DIRECTIONS: Set down the entries that follow exactly as written, leaving out any images.

DATA FOR THIS EXERCISE:
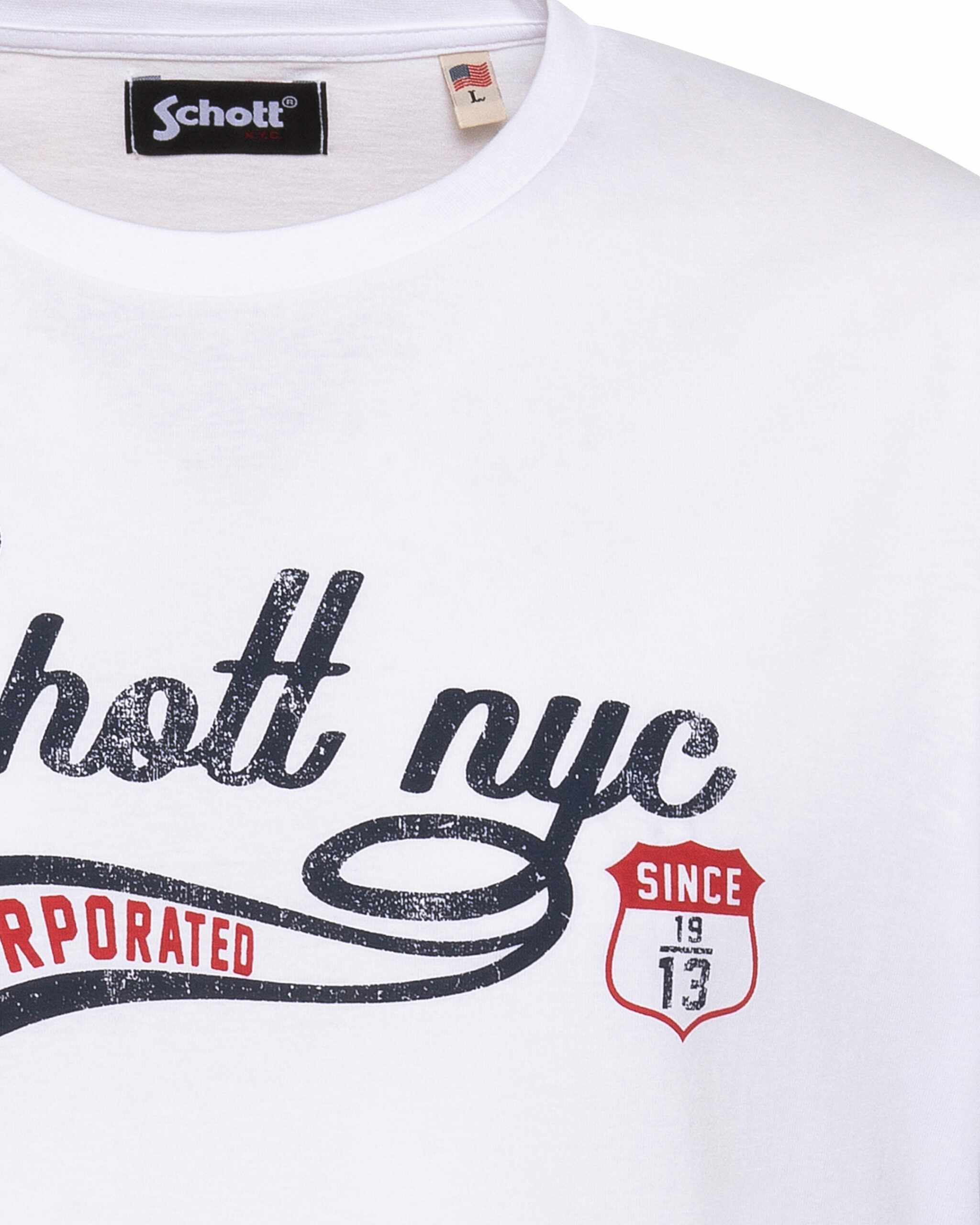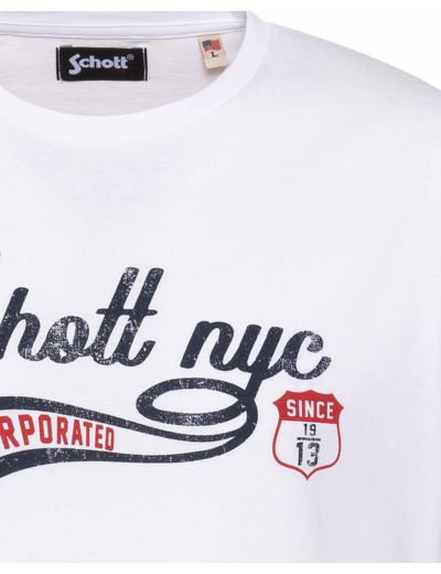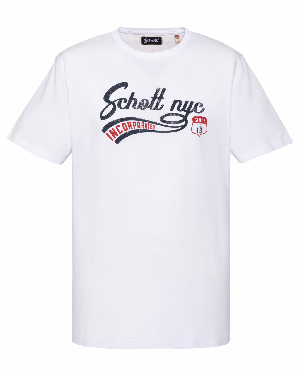 Matière : 100 % coton. Coupe droite avec col rond et manches courtes. Imprimé poitrine distinctif Schott NYC Incorporated Since 1913. Facile à entretenir, idéal pour un usage quotidien.
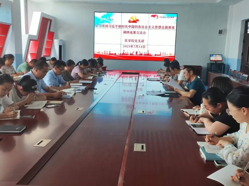 为进一步贯彻落实学习贯彻习近平新时代中国特色社会主义思想主题教育总要求,按照学校党委安排,7月14日下午,医学院在弘远楼A501会议室召开主题教育调研成果交流会。学校主题教育督导组杜忠佩同志到会指导,医学院党支部书记、院长范玉敏主持会议。
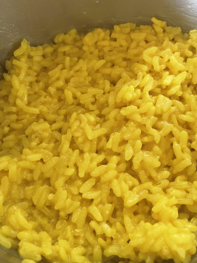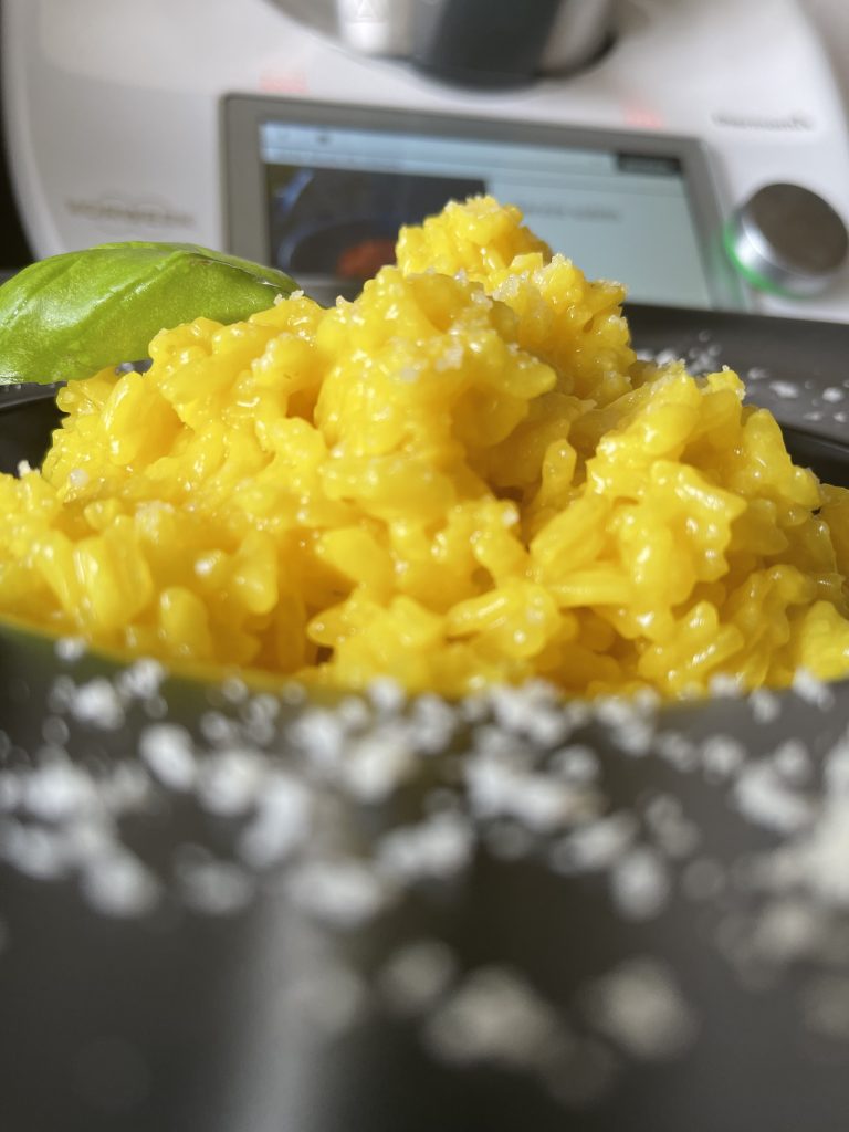 - Adaugati apa,sarea,șofranul pudra, amestecați cu spatula pentru a se incorpora orezul si continuați sa gatiti 14 min/100 grade/ sens antiorar/viteza 1;
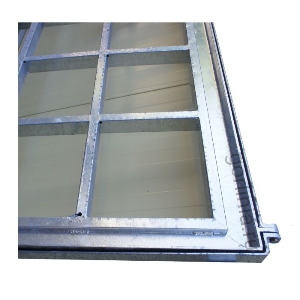 Рама исполнена из сортового уголка 50х5. Каркас двери с внешним кантом сварен с обвязкой профилем 50х25 с ячейкой в осях 300х300. Дно крышки закрыто оцинкованным листом 2 мм клепочным соединением с расчетной глубиной под настил декинга.
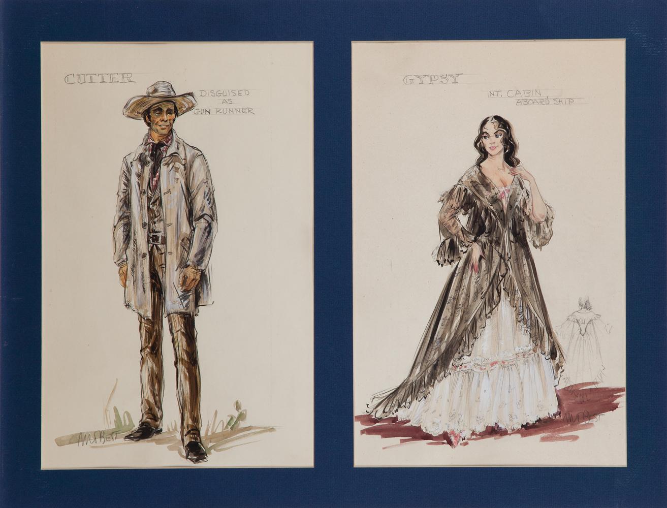 (20th Century-Fox, 1961) (2) Pencil, pen & ink, watercolor, and gouache designs on 11.5 x 17” 1-ply illustration paper, executed and pencil-signed by Marjorie Best, renowned principally for her western-themed film work such as Giant and Rio Bravo. Represented are John Wayne and Ina Balin, the leads in this Michael Curtiz-directed film. Sketches are both in Very Fine condition, apart from being mounted side-by-side into a double-opening mat with masking tape.
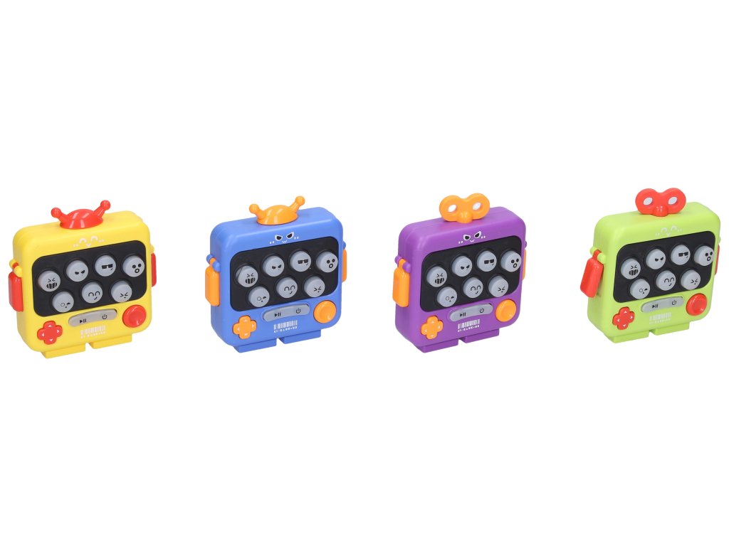 Plácni krtka hra 7cm. baterie 3xAG13 součástí, 24ks v display boxu. rozměry: 7.3x2.5x7.7cm. Tlačítko on/off, po zapnutí se začnou rozsvěcovat jednotlivá tlačítka s obličeji a hráč je musí rychle stihnout zmáčknout, než se rozsvítí další. 4 varianty - žlutá, modrá, fialová, zelená.

FINISHED TASK:
 Matière : 100 % coton. Coupe droite avec col rond et manches courtes. Imprimé poitrine distinctif Schott NYC Incorporated Since 1913. Facile à entretenir, idéal pour un usage quotidien.
 为进一步贯彻落实学习贯彻习近平新时代中国特色社会主义思想主题教育总要求,按照学校党委安排,7月14日下午,医学院在弘远楼A501会议室召开主题教育调研成果交流会。学校主题教育督导组杜忠佩同志到会指导,医学院党支部书记、院长范玉敏主持会议。
 - Adaugati apa,sarea,șofranul pudra, amestecați cu spatula pentru a se incorpora orezul si continuați sa gatiti 14 min/100 grade/ sens antiorar/viteza 1;
 Рама исполнена из сортового уголка 50х5. Каркас двери с внешним кантом сварен с обвязкой профилем 50х25 с ячейкой в осях 300х300. Дно крышки закрыто оцинкованным листом 2 мм клепочным соединением с расчетной глубиной под настил декинга.
 (20th Century-Fox, 1961) (2) Pencil, pen & ink, watercolor, and gouache designs on 11.5 x 17” 1-ply illustration paper, executed and pencil-signed by Marjorie Best, renowned principally for her western-themed film work such as Giant and Rio Bravo. Represented are John Wayne and Ina Balin, the leads in this Michael Curtiz-directed film. Sketches are both in Very Fine condition, apart from being mounted side-by-side into a double-opening mat with masking tape.
 Plácni krtka hra 7cm. baterie 3xAG13 součástí, 24ks v display boxu. rozměry: 7.3x2.5x7.7cm. Tlačítko on/off, po zapnutí se začnou rozsvěcovat jednotlivá tlačítka s obličeji a hráč je musí rychle stihnout zmáčknout, než se rozsvítí další. 4 varianty - žlutá, modrá, fialová, zelená.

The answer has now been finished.